= Epaphus =

Figure in Greek mythology

In Greek mythology, Epaphus (/ˈɛpəfəs/; Ἔπαφος), also called Apis or Munantius was a son of Zeus and king of Egypt.

==Family==
Epaphus mother was Io and thus, Ceroessa's brother. With his wife, Memphis (or according to others, Cassiopeia), he had one daughter, Libya while some accounts added another one who bore the name Lysianassa. These daughters later became mothers of Poseidon's sons, Belus, Agenor and possibly, Lelex with the former while Busiris was born to the latter. Through these daughters, Epaphus was the ancestor of the "dark Libyans, and high-souled Aethiopians, and the Underground-folk and feeble Pygmies".

In one account, Epaphus had a son, Dorus, who fathered Pygmaeus, ancestor of the Pygmies. Otherwise, this tribe of diminutive men was instead born from Epaphus and Gaea (Earth).

==Mythology==

===Birth===
The name/word Epaphus means "Touch". This refers to the manner in which he was conceived, by the touch of Zeus's hand. He was born in Euboea, in the cave Boösaule according to Strabo or according to others, in Egypt, on the river Nile, after the long wanderings of his mother. He was then concealed by the Curetes, by the request of Hera, but Io sought and afterward found him in Syria where he was nursed by the wife of the king of Byblus.

===Phaethon===
Epaphus was also a contemporary and the rival of Phaethon, son of Helios and Clymene.
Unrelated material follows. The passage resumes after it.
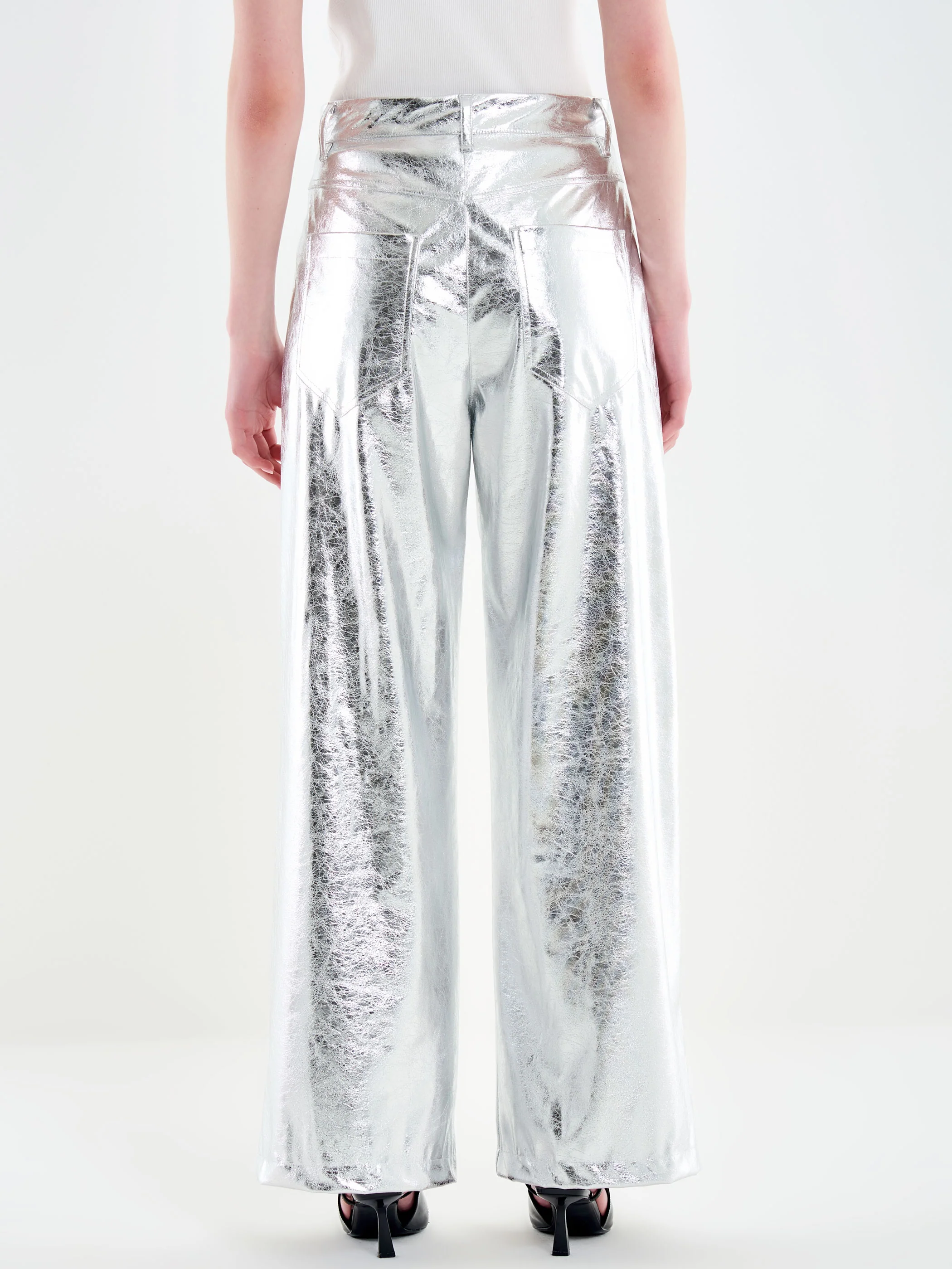 Pantalone ampio in ecopelle in argento. Modello cinque tasche. Chiusura frontale con zip e bottone. Dettaglio ecopelle effetto stropicciato.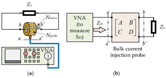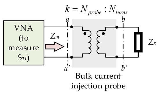 In this section, an enhanced single-probe setup to measure the unknown impedance (Zx), as shown in Figure 1a, is presented. In the proposed setup, the bulk current injection (BCI) probe is connected to one port of the vector network analyzer (VNA) through a coaxial cable. A short wire connecting the unknown impedance is wound on the core of the BCI probe forming multiple turns. In each of these turns, the wire enters the probe inner window from a side, crosses the probe leaving the opposite side, and runs back to the entering side. The turn number of this looped wire is called Nturns. Inside the BCI probe, there is a feeding winding whose number of turns is Nprobe (this number is out of the operator’s control since it is related to the probe manufacturer and model). It is worth noting that it is possible to use not only BCI probes but also current monitor probes, as they are basically the same instrument, and many models are declared for both purposes by manufacturers. However, their design is usually optimized for one of the two scopes. Monitor probes have a high number of turns Nprobe in order to reduce the loading impedance ( Ω) on the clamped cable, which would perturb the circuit under test. Conversely, BCI probes usually have a very low Nprobe to be effective in inducing a longitudinal voltage source onto the clamped cable.

He criticized his heraldry saying, "Poor, demented fellow, what will you not credit if your mother speaks, you are so puffed up with the fond conceit of your imagined sire, the Lord of Day." This prompted Phaethon to undertake his fateful journey in his father's chariot of the sun.

===Reign and death===
Epaphus is regarded in the myths as the founder of Memphis, Egypt. Hera being envious that her husband's bastard ruled such a great kingdom, saw to it that Epaphus should be killed while hunting.

David Rohl identifies Epaphus with the Hyksos pharaoh Apophis though his chronology has been rejected by most Egyptologists.